Why Are Young Babies Fed on Milk?
Why Are Young Babies Fed on Milk? Young babies are fed on milk because it is their natural food. The females of all backboned animals whose young are nourished with milk, store this fluid in their breasts, or mammae. The milk of each species of mammal is a complete food for its own young after birth.
Although the same ingredients are present in the milk of all mammals, the proportions differ a great deal. The ingredients are water, protein, fat and milk sugar. Milk protein contains all the essential amino-acids. The fat globules remain enclosed in a soft curd which forms in the stomachs of the young, so that digestion can precede smoothly without the disturbance that fatty foods often cause.
All mammalian species produce milk, but the composition of milk for each species varies widely and other kinds of milk are often very different from human breast milk. As a rule, the milk of mammals that nurse frequently (including human babies) is less rich, or more watery, than the milk of mammals whose young nurse less often. Human milk is noticeably thinner and sweeter than cow’s milk.

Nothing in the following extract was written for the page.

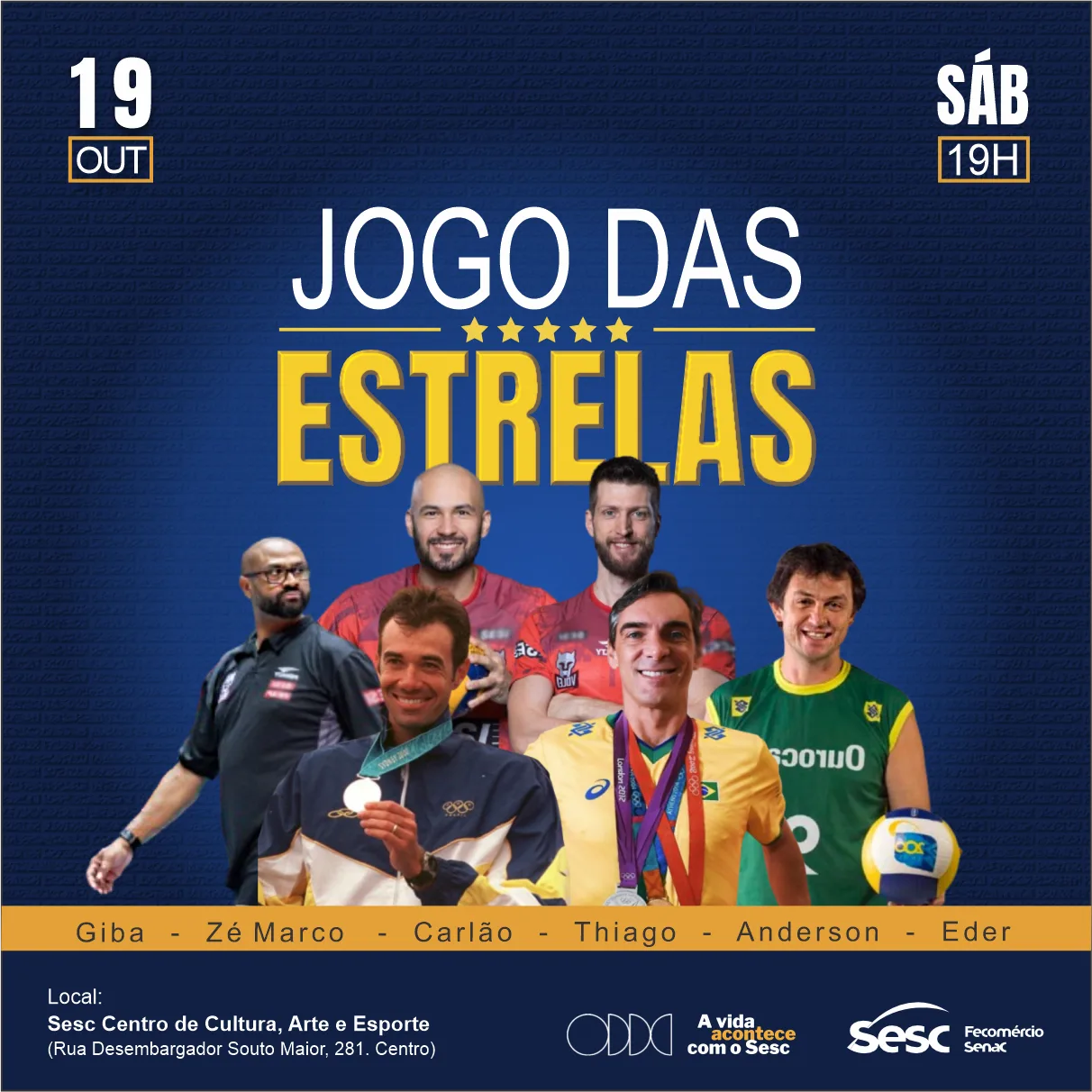 No dia 19 de outubro, às 19h, o Centro de Cultura, Arte e Esporte do Sesc em João Pessoa será palco do Jogo das Estrelas de Voleibol, reunindo grandes nomes da modalidade, como Giba, Zé Marco, Carlão, Thiago, Anderson e Eder. Os atletas enfrentarão a Seleção Paraibana Master e a Escola de Voleibol do Sesc.

Human babies, if not fed by their mothers, may be fed with pasteurized cow’s milk, diluted and sweetened, or a liquid reconstituted from laboratory-prepared dried milk. In various countries babies have been fed on milk from the ass, goat, water-buffalo, reindeer, caribou, sheep, camel, Llama, bitch and mare.
Other foods have been tried. In the 17th Century babies were fed on pap (bread cooked in water) or, as a French doctor advised, bread cooked in beer! After about five or six months human babies are gradually weaned from an exclusive diet of milk and given other forms of nourishment.
Supplemented breastfeeding is recommended until at least age two and then for as long as the mother and child wish. Though it now is almost universally prescribed, in some countries in the 1950s the practice of breastfeeding went through a period where it was out of vogue and the use of infant formula was considered superior to breast milk. However, it is now universally recognized that there is no commercial formula that can equal breast milk.
In addition to the appropriate amounts of carbohydrate, protein, and fat, breast milk provides vitamins, minerals, digestive enzymes, and hormones. Breast milk also contains antibodies and lymphocytes from the mother that help the baby resist infections. The immune function of breast milk is individualized, as the mother, through her touching and taking care of the baby, comes into contact with pathogens that colonize the baby, and, as a consequence, her body makes the appropriate antibodies and immune cells.
At around four to six months of age, the internal iron supplies of the infant, held in the hepatic cells of the liver, are exhausted, hence this is the time that complementary feeding is introduced. Breast milk contains less iron than formula, because it is more bioavailable as lactoferrin, which carries more safety for mothers and children than ferrous sulphate.